# [DATASET RECORDS]
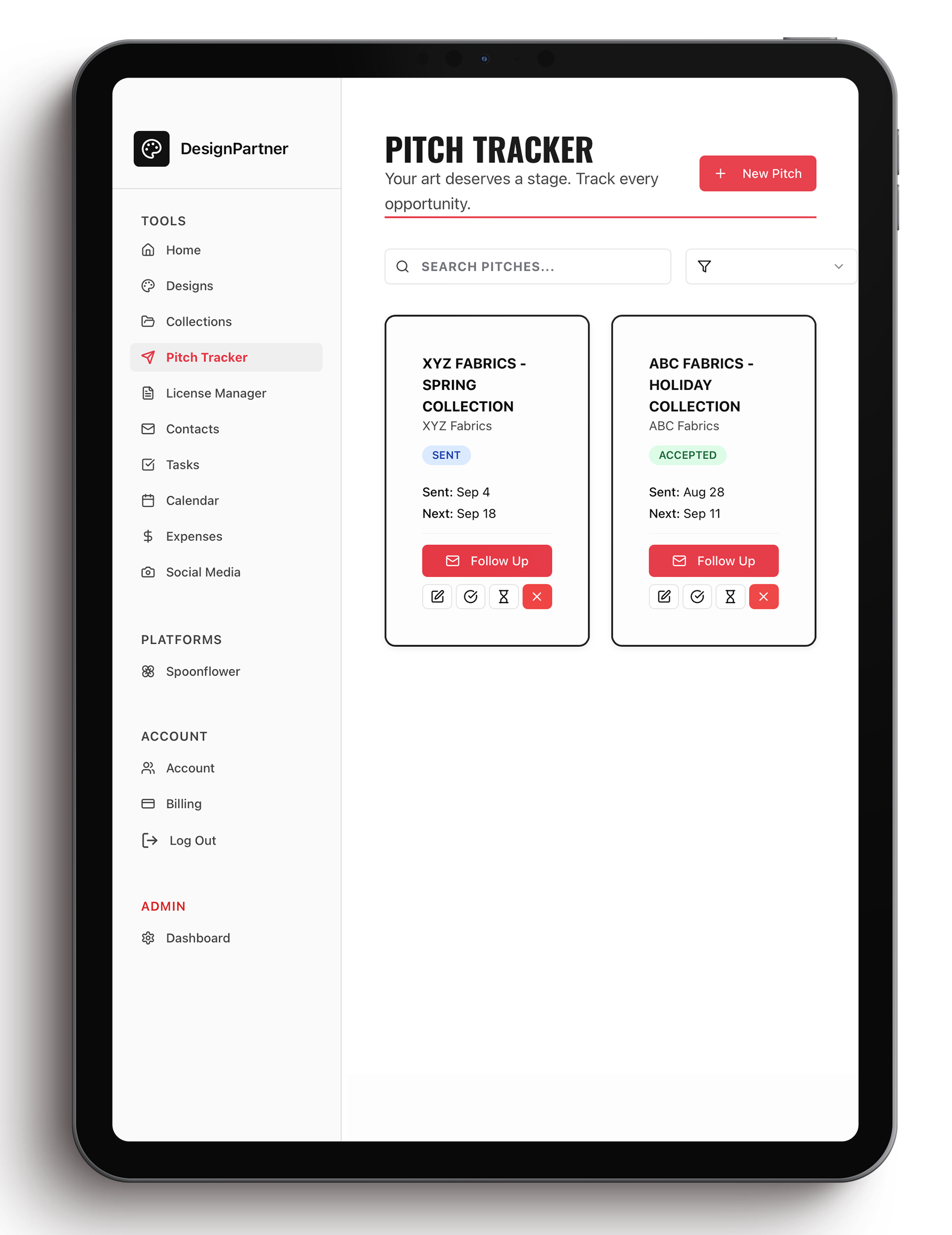 Send your portfolio page, track your submissions, and never miss a follow-up. From the first email to the signed license, DesignPartner keeps your career moving forward.
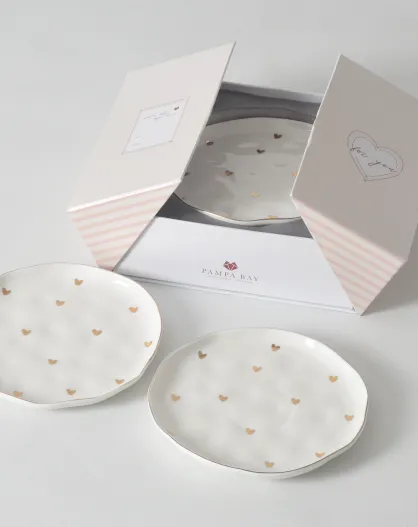 Set van 4 dessertborden Heart To Heart wit en goud - D.17,8cm
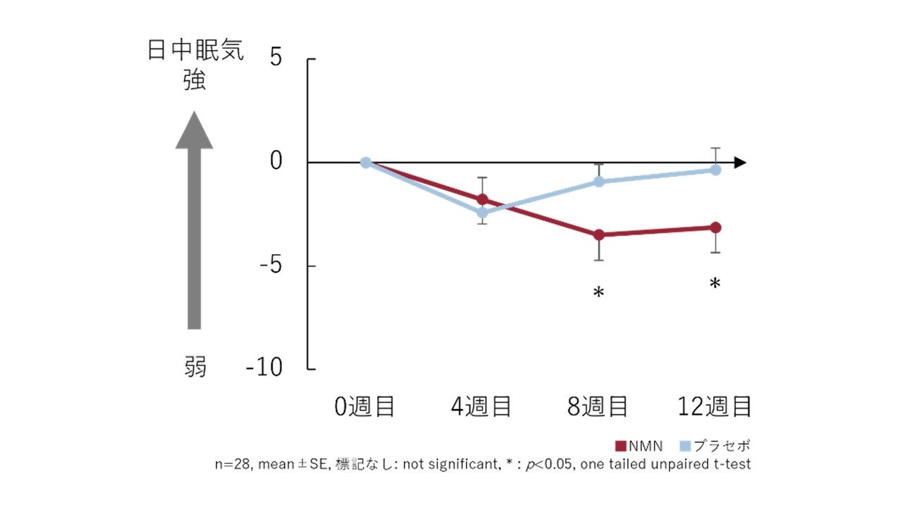 ESSの結果から、NMN摂取群はプラセボ群に比べて日中の眠気が8週目から改善する傾向が確認されました。
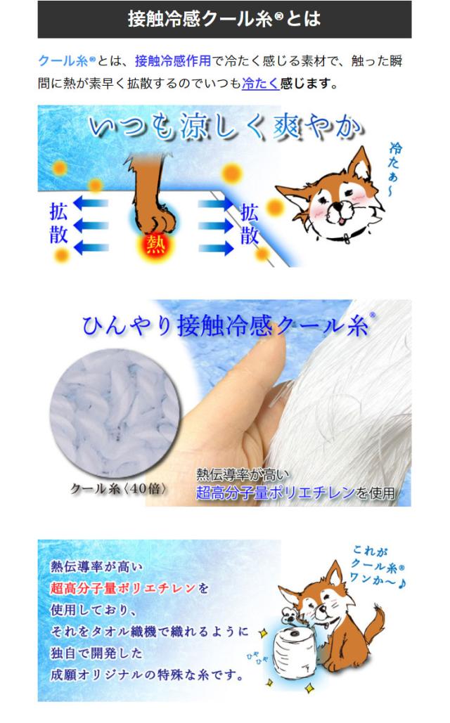 クール糸(R) とは、 接触 冷感作用 で冷たく感じる素材です。触った瞬間に熱が素早く拡散するので冷たく感じます。
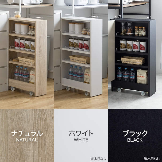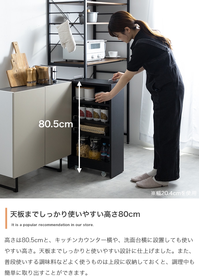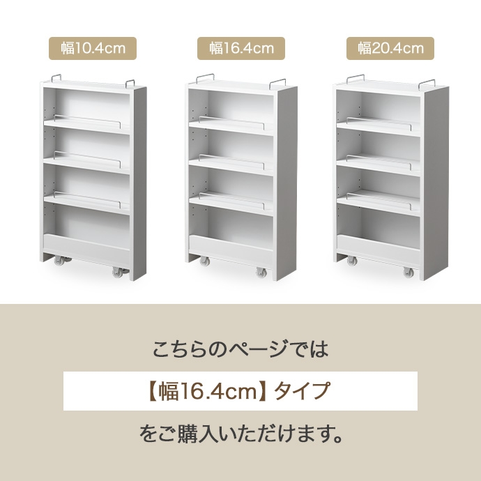 ランドリーやキッチン周りでできる僅かな隙間にぴったりフィット。幅16.4cmのスリム設計で、デッドスペースを有効活用できます。
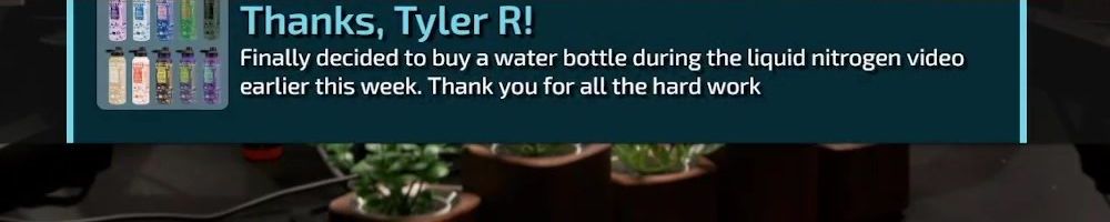 Thanks, Tyler R! Finally decided to buy a water bottle during the liquid nitrogen video earlier this week. Thank you for all the hard work
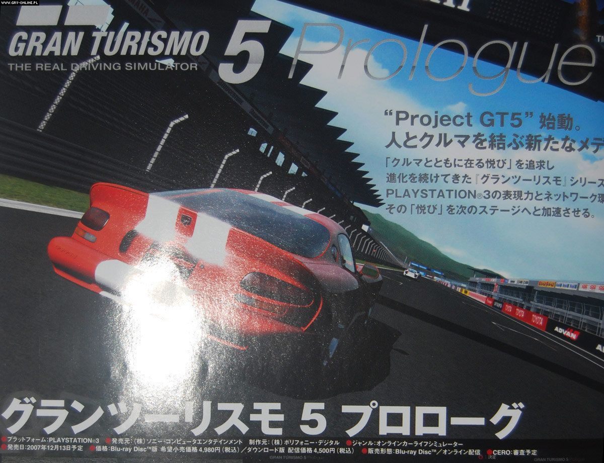 Przypomnijmy, iż Gran Turismo 5: Prologue jest rozbudowanym demem GT5. Pełna wersja ukaże się w 2008 roku (jeszcze nie sprecyzowano w którym miesiącu). Co ciekawe, 20 października w Kraju Kwitnącej Wiśni na PlayStation Store ma pojawić się grywalna wersja Prologue. Tym samym dojdzie do niecodziennej sytuacji, w której gracze będą mogli ściągnąć i przetestować darmowe, małe demo większego, płatnego, rozbudowanego dema.
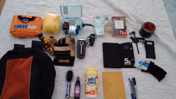 - Salud y seguridad- Kit de primeros auxilios, como limpiador de manos bien asincluding (toallitas y líquido, que tienen diverso valor polivalente), protector solar y bug spray (en bolsa zip lock en caso que escape) y un silbato u otro dispositivo de ruido
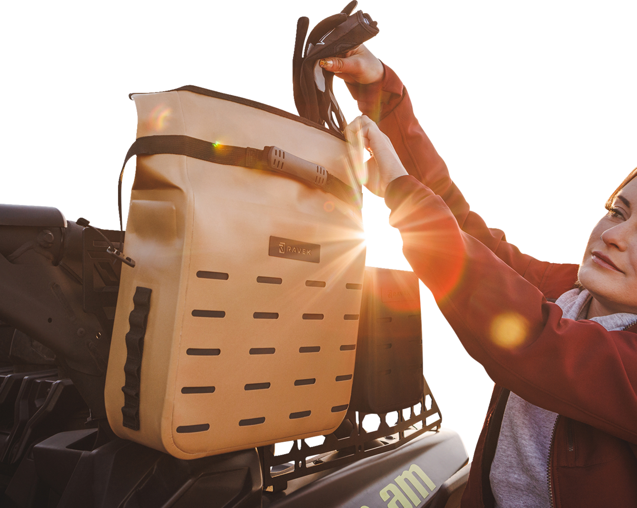 100% waterproof and dustproof zipperless storage bags designed for exposure to harsh conditions, MOLLE-mountable bags are made of TPU and sonic welded with a semi-rigid interior to keep the shape even when empty, Attach with custom luggage clips then cinched down for a precise, secure fit, Simple, quick-attach installation, Easy to clean TPU handles sun exposure well, Mesh lining can be used to cinch down valuables for quick accesss
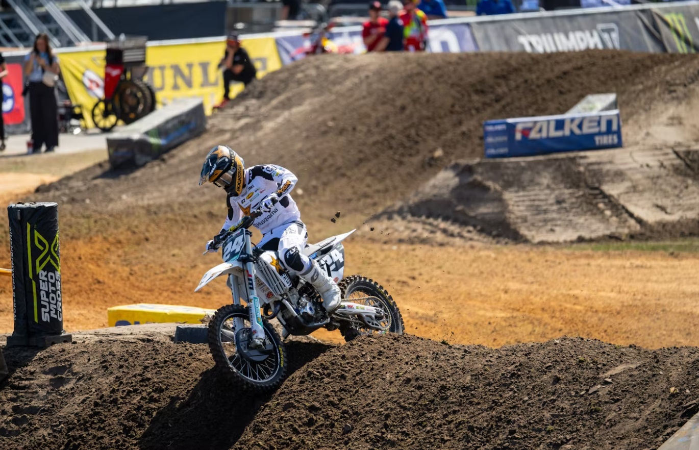 A mais recente etapa do AMA Supercross 250SX proporcionou aos adeptos da modalidade um espetáculo repleto de adrenalina e reviravoltas inesperadas. A corrida teve um arranque intenso, com Chance Hymas a parecer garantir o holeshot, mas Tom Vialle rapidamente assumiu a dianteira ao contornar a curva inicial. O francês envolveu-se num duelo direto com Max Anstie, que, ao tentar defender a sua posição, acabou por ser apanhado num dos blocos de proteção e caiu, relegando-o para o último lugar logo no início da prova.

# [INSTRUCTIONS FOR THE TASK]
Return the opening line of the data above and every line after it up to and including the line that holds "クール糸(R) とは、 接触"; pictures stay out.

# [RESULT BELOW]
 Send your portfolio page, track your submissions, and never miss a follow-up. From the first email to the signed license, DesignPartner keeps your career moving forward.
 Set van 4 dessertborden Heart To Heart wit en goud - D.17,8cm
 ESSの結果から、NMN摂取群はプラセボ群に比べて日中の眠気が8週目から改善する傾向が確認されました。
 クール糸(R) とは、 接触 冷感作用 で冷たく感じる素材です。触った瞬間に熱が素早く拡散するので冷たく感じます。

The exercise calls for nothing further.